CH: I got to tell you, and I’ve got to give credit to Crosby. Crosby was in incredible singer. David was in glee club. David Crosby, who gets into mischief every twenty minutes, but he was such a great singer.
NS: So as things evolve, we next find the band all perched on a carpet, and the record is called Fifth Dimension, and the song “5D” is sort of an existential survey of the psychedelic mind.
CH: That was Roger’s, and it was pretty interesting. “Scientific delirium madness,” I mean he–I love that song. I think I really liked it because of the groove, that big sweeping waltz, you know, and David comes at the end–
NS: David Crosby.
CH: “How is it that I could come out to here,” and oh man, it smokes. He gets that high harmony.

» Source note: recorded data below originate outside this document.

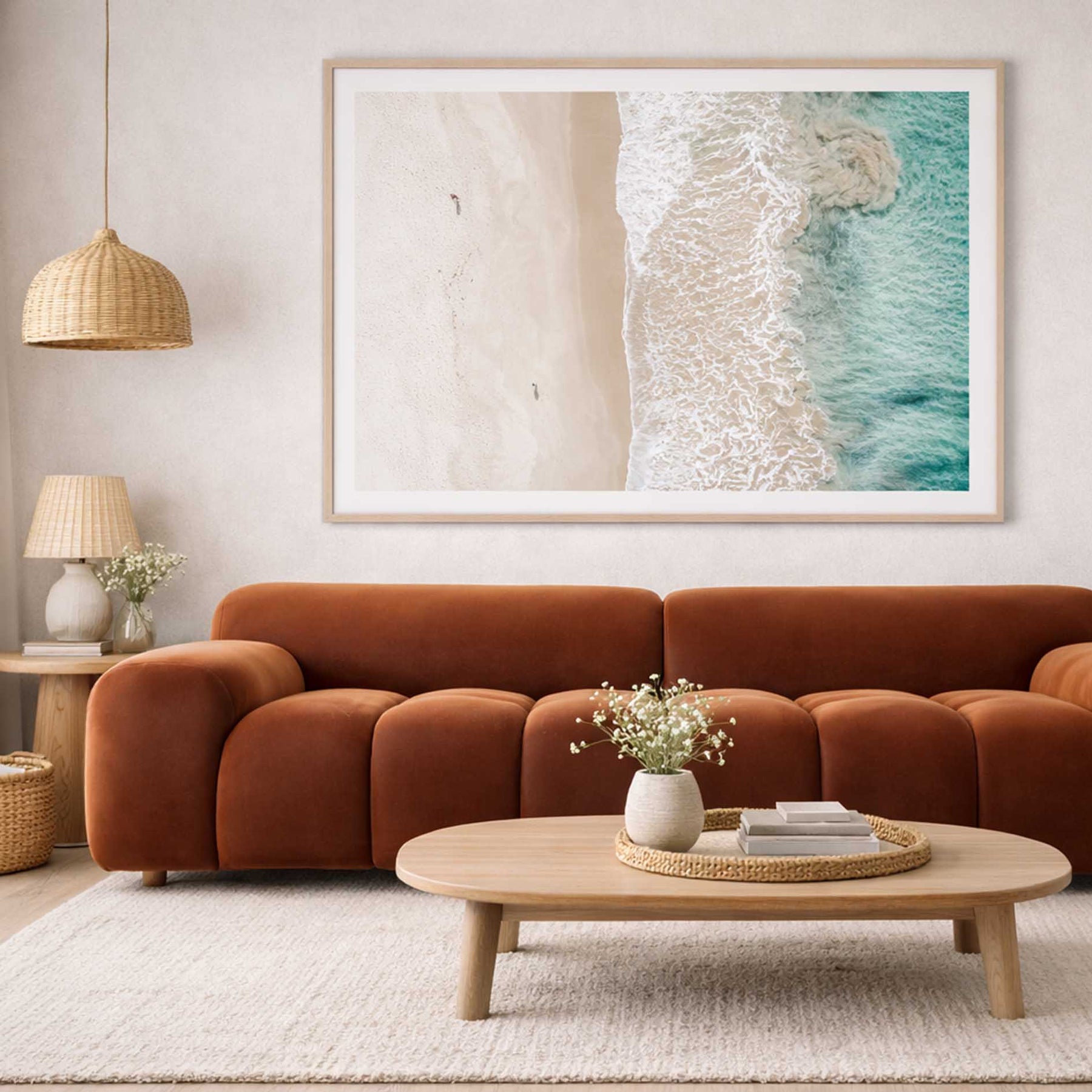 - Above a sofa → 60cm x 90cm or 70cm x 100cm
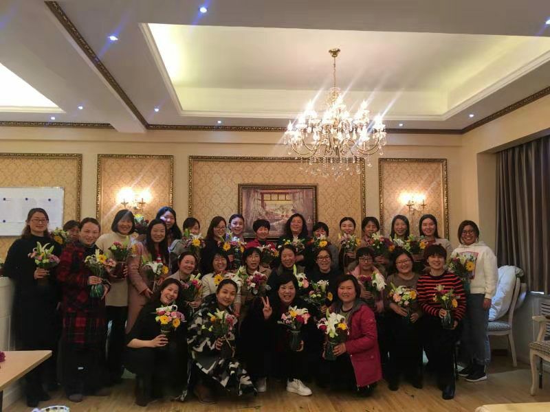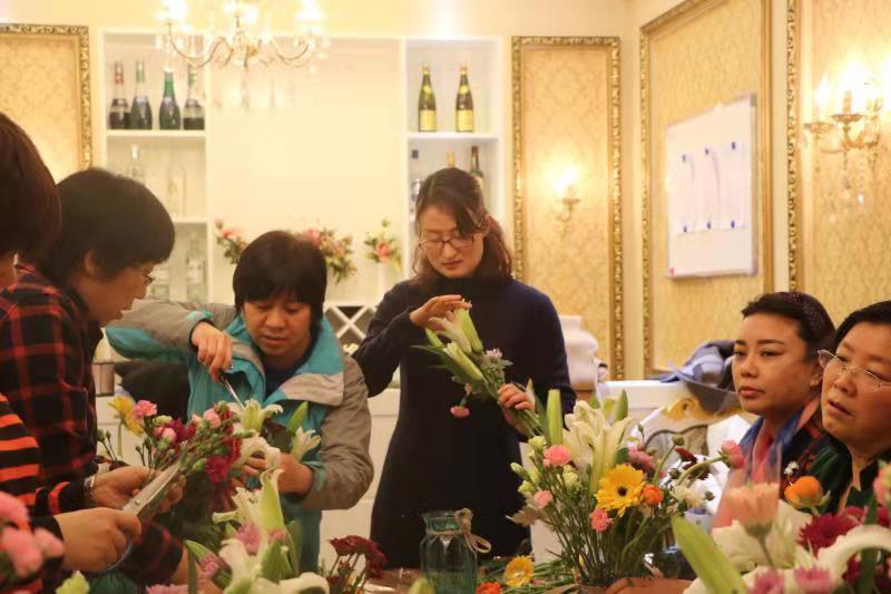 活动中,邀请的资深花艺师采用新鲜花材为到场教师讲解了插花的种类和插花的原则。插花中要注意色彩、主次、质感、平衡以及花的护理。讲解后,花艺师亲自为女教职工演示了插花的制作。在花艺师的指导下,大家跃跃欲试,以高涨的热情投入到插花创作之中。在一片芬芳的花儿世界中,教师们剪枝、绑枝、粘贴,忙得不亦乐乎……大家完全沉浸在自我创作和欣赏中。一枝花、一棵草在教师们的巧手下变得格调高雅、清新怡人。参加活动的教师们一个个都成了 “花仙子”。
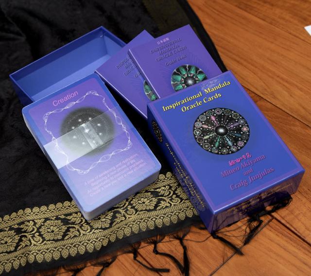 万華鏡が作り出す紋様のような美しい曼荼羅に思わず目を奪われる、そんなカードが登場しました。この『マンダラオラクルカード』は、ヒーリングアーティスト秋山峰男氏が描く点描の曼荼羅に、セドナ在住のヒーラーであるクレッグ・ジュンジュラス氏がリーディングしたメッセージを添えたものです。特徴的なのは、メッセージよりも先に絵が存在していたということ。秋山氏が描いた曼荼羅を見たシャーマンが、「このマンダラには、ヒンディーの奥義の情報が詰まっている」と呟いたことから、このカードが誕生したそうです。
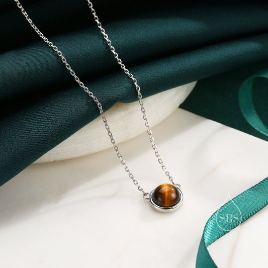 Sterling Silver Genuine Tiger's Eye Dainty Coin Pendant Necklace - Delicate Tiger Eye Stone Coin Necklace

NS: Of course, the song that most people remember is “Eight Miles High,” and I mean your bass playing on that is so muscular. You were a damn good bass player on that song among many others.

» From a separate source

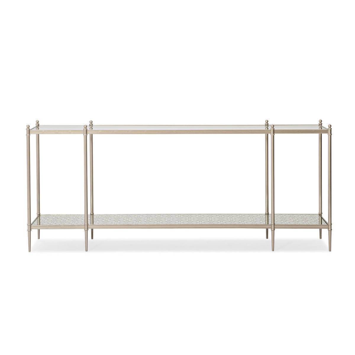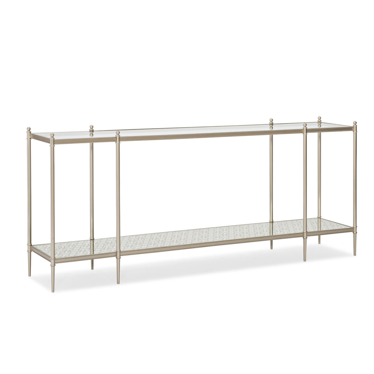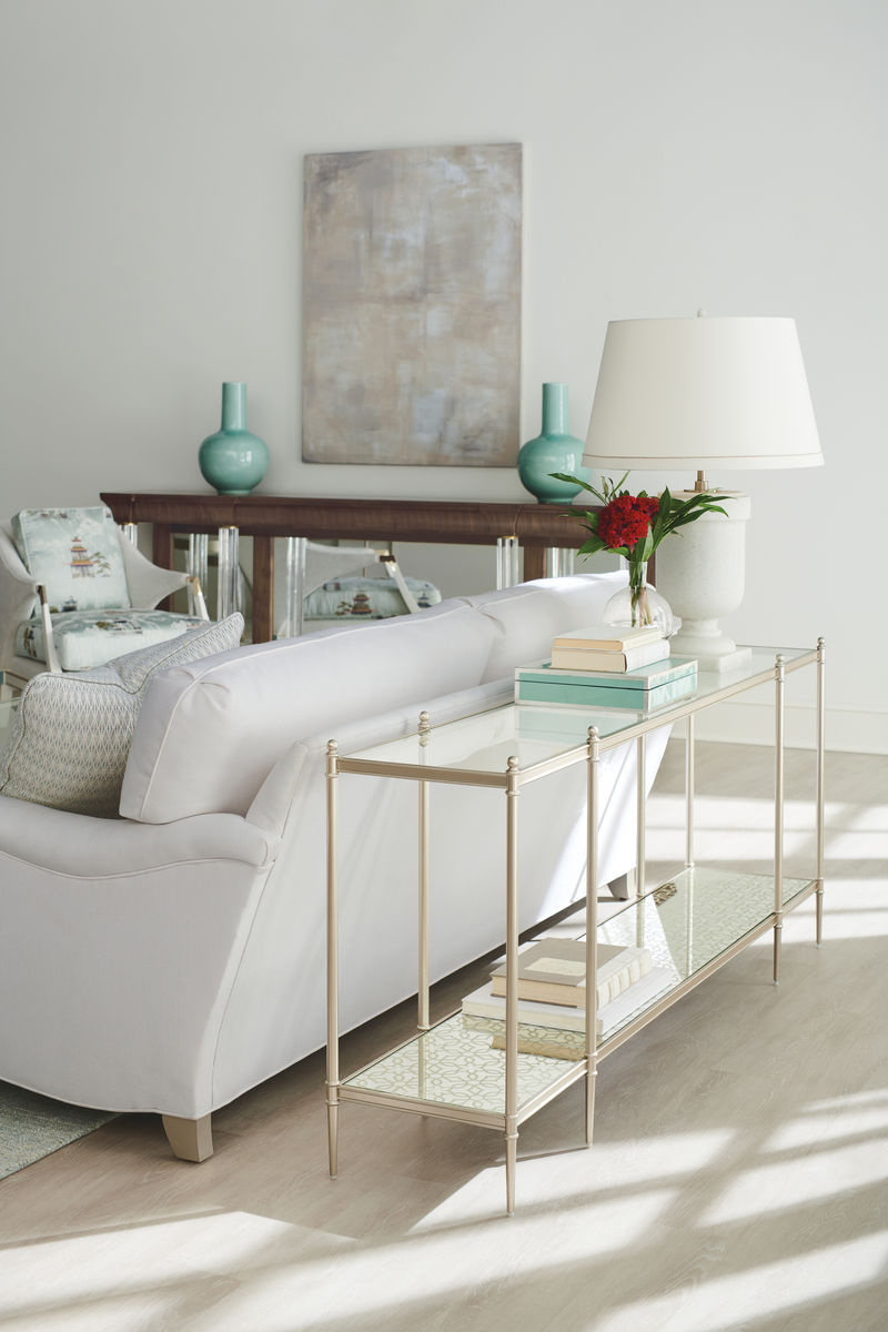 Выразите свой личный стиль с помощью консоли от производителя американской мебели Caracole - PERFECTION. Минималистичный дизайн изящно масштабируется и идеально вписывается в любую обстановку. Современное сочетание материалов включает в себя столешницу из прозрачного стекла, металлическую раму цвета Neutral Metallic и нижнюю полку, изготовленную из зеркала с узором в оттенке с эффектом металлик (Silver Leaf). Хранение, сервировка или демонстрация — этот стильный предмет подходит для любого случая.

CH: “Eight Miles High” was–I loved that song, and I seriously still love it. That was totally influenced by John Coltrane because we would listen to John Coltrane when we would be on the road. I think I borrowed that bass line [sings bass line] from Coltrane did a song “A Love Supreme.”
CH: And it says “Eight miles high,” which I guess he did his homework because it was about flying, but we changed it from–seven miles high was sort of the equivalent to the altitude a 707 would fly in 1965. “Seven miles high” didn’t work, so we went to “Eight miles high.”